73% of parents feel overwhelmed weekly. $0 is spent on truly personalized coaching. And in the 15 seconds when the kids are screaming, no book or blog post can help.
An AI coach that learns YOUR family through deep conversational intake, remembers your kids by name, sees what's happening through your camera, speaks to you in a warm voice, and gets smarter every week through a feedback loop.
| Feature | What it does | Why it matters |
|---|---|---|
| 💬 Four-voice coaching | Auto-switches between Coach, Friend, Therapist, Witness | Matches parent's emotional state, not just their query |
| 🚨 Right-Now Mode | 30-second de-escalation script when kids are screaming | The moat — nothing else helps in the 90 seconds when everything is on fire |
| 🕊️ Repair Scripts | Kid-specific, age-specific rupture recovery | Secure attachment is built in repair, not in avoiding conflict |
| 📹 Camera + Vision | Record a moment → Claude Vision observes → recommendations | Parents can't always explain what's happening; the camera can |
| 🎙️ Voice mode | Kindred reads replies aloud; parent can speak to it | Hands-free use during actual parenting moments |
| 📈 Trend tracking | Per-child trajectory (improving / mixed / worsening / steady) + narrative | Parents see what's actually working over weeks |
| ✨ Pattern insights | Auto-surfaces non-obvious patterns across recent activity | Things you'd never catch on your own |
| 📊 Weekly digest | Sunday reflection: patterns, wins, watch-fors | Turns chaotic week into learning |
| 🎒 Professional summary | Observational (non-diagnostic) one-pager for teachers/pediatricians | Bridges home context to professionals who can help |
| 👍 Feedback loop | Thumbs up/down trains the coach over time | Compounding moat — more use = more personalized |
| ↻ Try-again | Miss a reply, say why, regenerate with context | Keeps the parent in control of the conversation |
This is the feature I'd lead with in any product interview. It's what makes Kindred different from every parenting blog and every generic chatbot:
- Parent types two sentences about what's happening RIGHT NOW
- Response comes back in under 3 seconds (self-critique is skipped for speed)

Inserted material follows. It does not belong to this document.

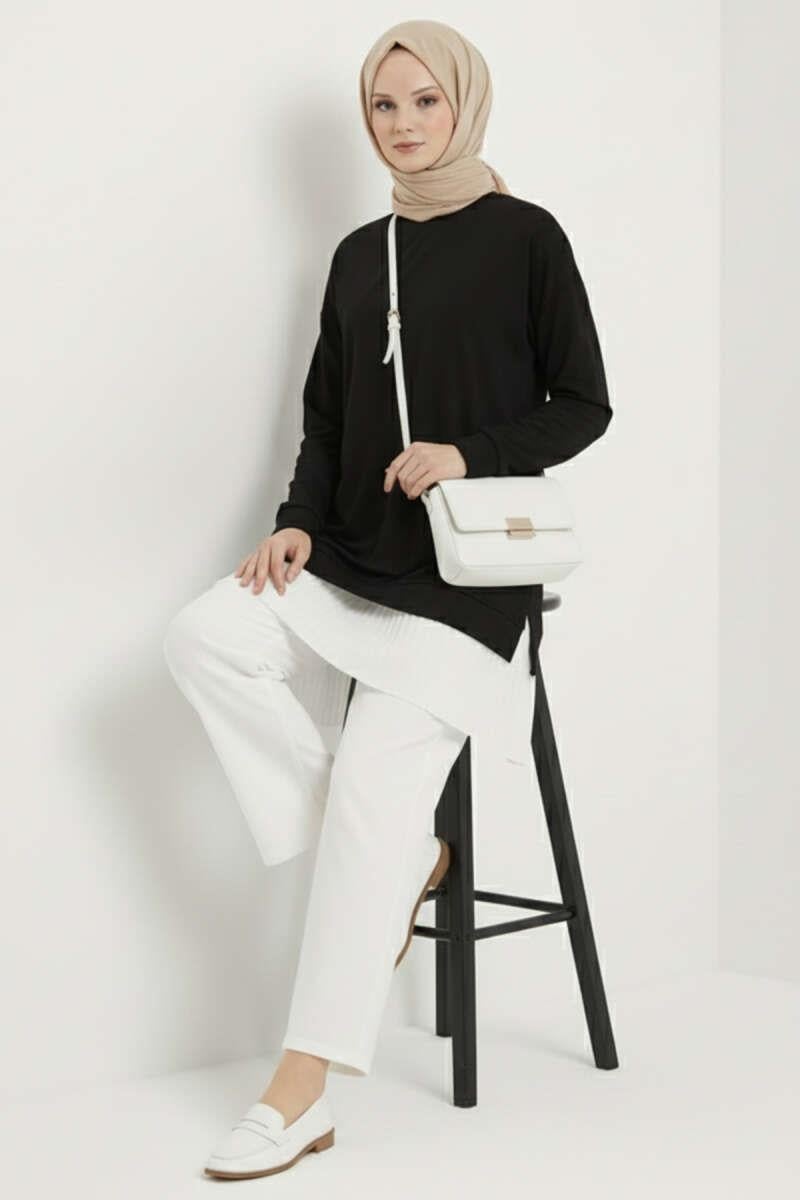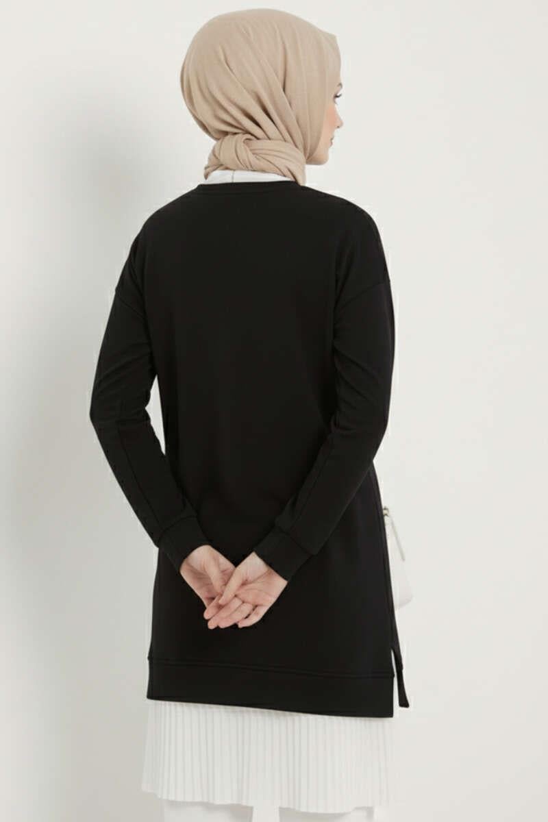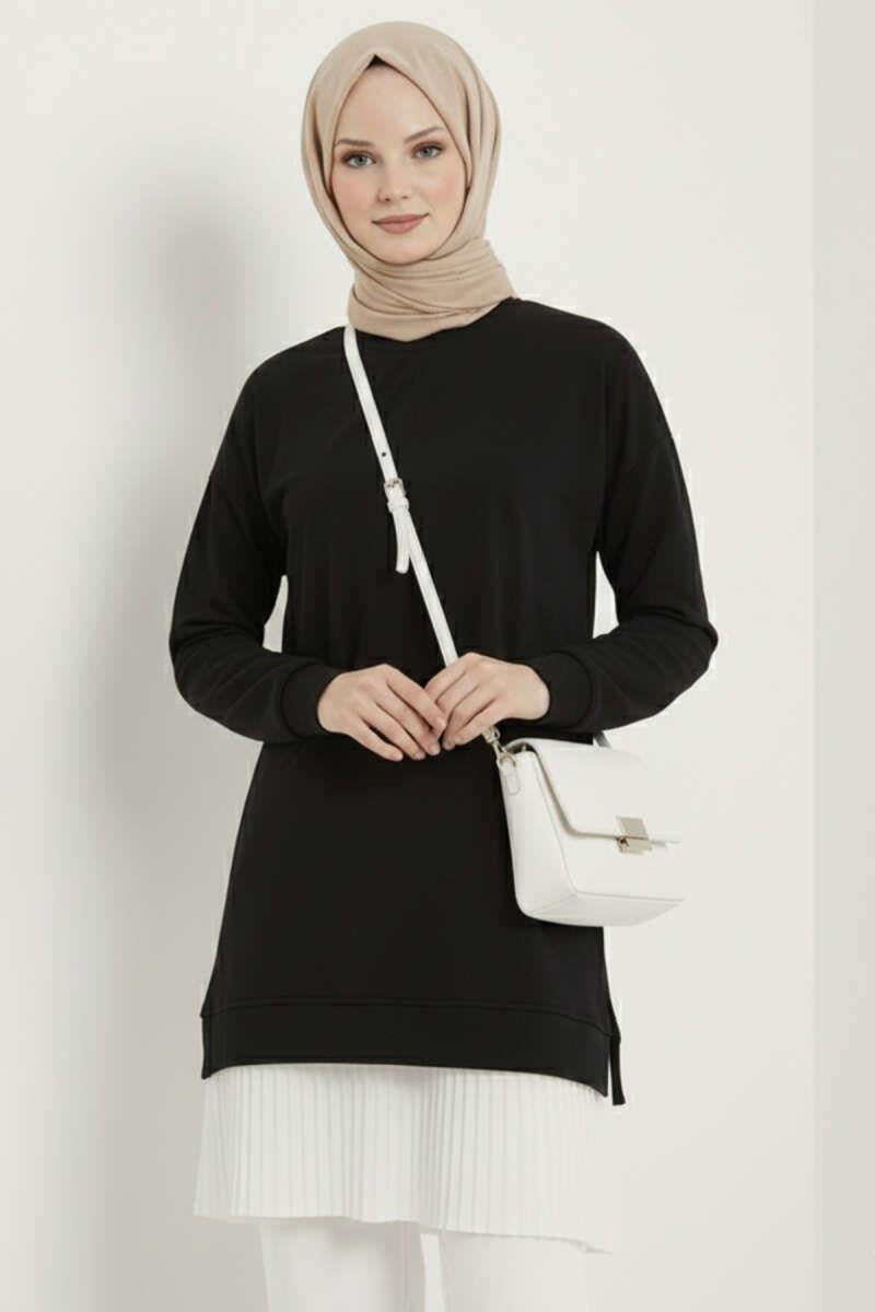 Pleated Tunic with Emblem and Lower Skirt, Black
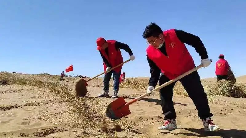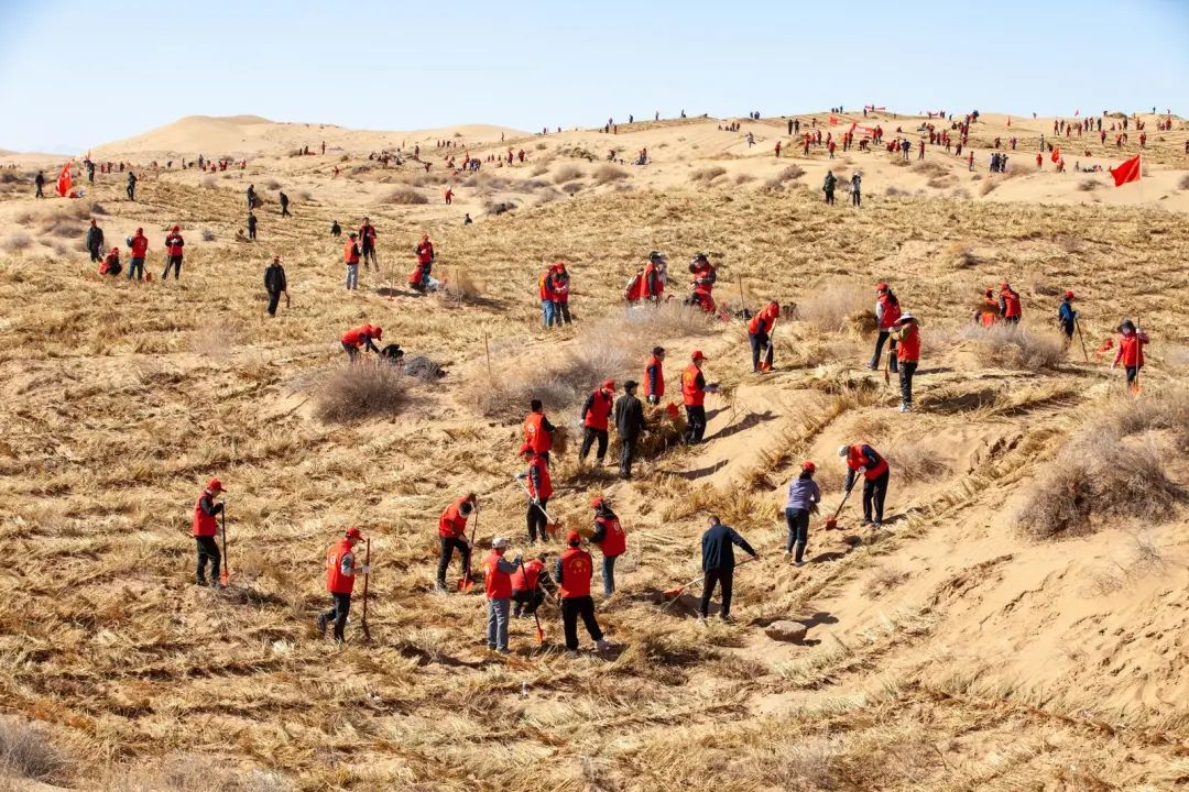 广大志愿者身着红马甲,不怕苦不怕累,开挖铺草、填沙整形……在一个个辛勤忙碌的身影下,网格状草方格沙障从无到有、渐次铺开,犹如一条条金色黄龙牢牢缚住了连绵沙丘,为春日沙漠增添了新的生机。

- Output is a literal script: exact words to say, what NOT to say, where to put your body
- The script uses the kids' real names and specific temperaments from the family's DNA doc
Technically, this demonstrates prompt engineering as product design: a different prompt template, a different output schema, a different latency profile — same model, different UX. One model, many products.
Three compounding moats:
- The DNA doc — an invisible family profile loaded into every reply. Gets richer every conversation.
- The feedback loop — every 👍 👎 trains the coach. By week 4 it knows your kids better than your pediatrician.
- Multimodal — text, voice, and camera together. Every input method tightens the advice.
None of these can be replicated by a blog, a tracker app, or a generic ChatGPT wrapper.
┌─────────────────────────────────────────────────────────┐
│ INTAKE AGENT (12 turns) │
│ Parent · kids · culture · values · triggers · goals │
└───────────────────────────┬─────────────────────────────┘
▼
┌─────────────────────────────────────────────────────────┐
│ DNA DOC (invisible, persistent profile) │
└───────────────────────────┬─────────────────────────────┘
▼
┌─────────────────────────────────────────────────────────┐
│ COACH (4 voices) + SELF-CRITIQUE + FEEDBACK LOOP │
│ DNA + learned_prefs + context → reply → QA │
└───────────────────────────┬─────────────────────────────┘
▼
┌─────────────────────────────────────────────────────────┐
│ SCENARIO-SPECIFIC MODULES │
│ 🚨 Right-Now 🕊️ Repair 📹 Media analysis │
│ 📊 Digest ✨ Insights 📈 Trends │
│ 🎒 Pro summary │
└───────────────────────────┬─────────────────────────────┘
▼
┌─────────────────────────────────────────────────────────┐
│ CLIENT-SIDE VOICE LAYER │
│ Web Speech API: SpeechRecognition + SpeechSynthesis │
│ (no audio ever leaves the browser) │
└─────────────────────────────────────────────────────────┘
| Layer | Tech | Why |
|---|---|---|
| LLM | Claude Sonnet 4.6 (via Anthropic SDK) | Long context for DNA doc + history; strong structured JSON outputs |
| Vision | Claude Vision | Multimodal image analysis in the same unified API — no separate CV pipeline |
| Backend | Flask + SQLite | Zero-ceremony local deployment; single file, single DB |
| Frontend | Vanilla JS, no framework | Instant load, no build step, works on any browser |
| Voice | Web Speech API (browser-native) | No OpenAI/ElevenLabs dependency; no audio ever leaves the device |
| Persistence | SQLite with schema migrations | Safe column additions via ALTER TABLE when features ship |
| Route | Purpose |
|---|---|
/api/intake |
Conversational family intake (12 turns) |
/api/finalize_intake |
Generate the invisible DNA doc |
/api/chat |
Main coaching reply with self-critique |
/api/feedback |
Thumbs up/down with reason |
/api/try_again |
Regenerate a missed reply with miss-context |
/api/repair |
Rupture recovery scripts (structured JSON) |
/api/right_now |
Rapid crisis response (no critique, optimized for speed) |
/api/weekly_digest |
7-day reflective summary |
/api/insights |
Auto-detected patterns (14-day window) |
/api/professional_summary |
Observational one-pager for teachers/doctors |
/api/analyze_media |
Claude Vision on video frames + recommendations |
/api/trends |
Longitudinal per-child trajectory (8 weeks) |
/api/voice_config |
Preferred voice profile for client-side TTS |
/api/transcribe |
(Optional) Whisper STT fallback |
/api/speak |
(Optional) ElevenLabs TTS fallback |
/api/status |
Onboarding / config check |
/api/reset |
Wipe family profile |
:: 1. Install Python 3.11+ (check "Add Python to PATH" during install)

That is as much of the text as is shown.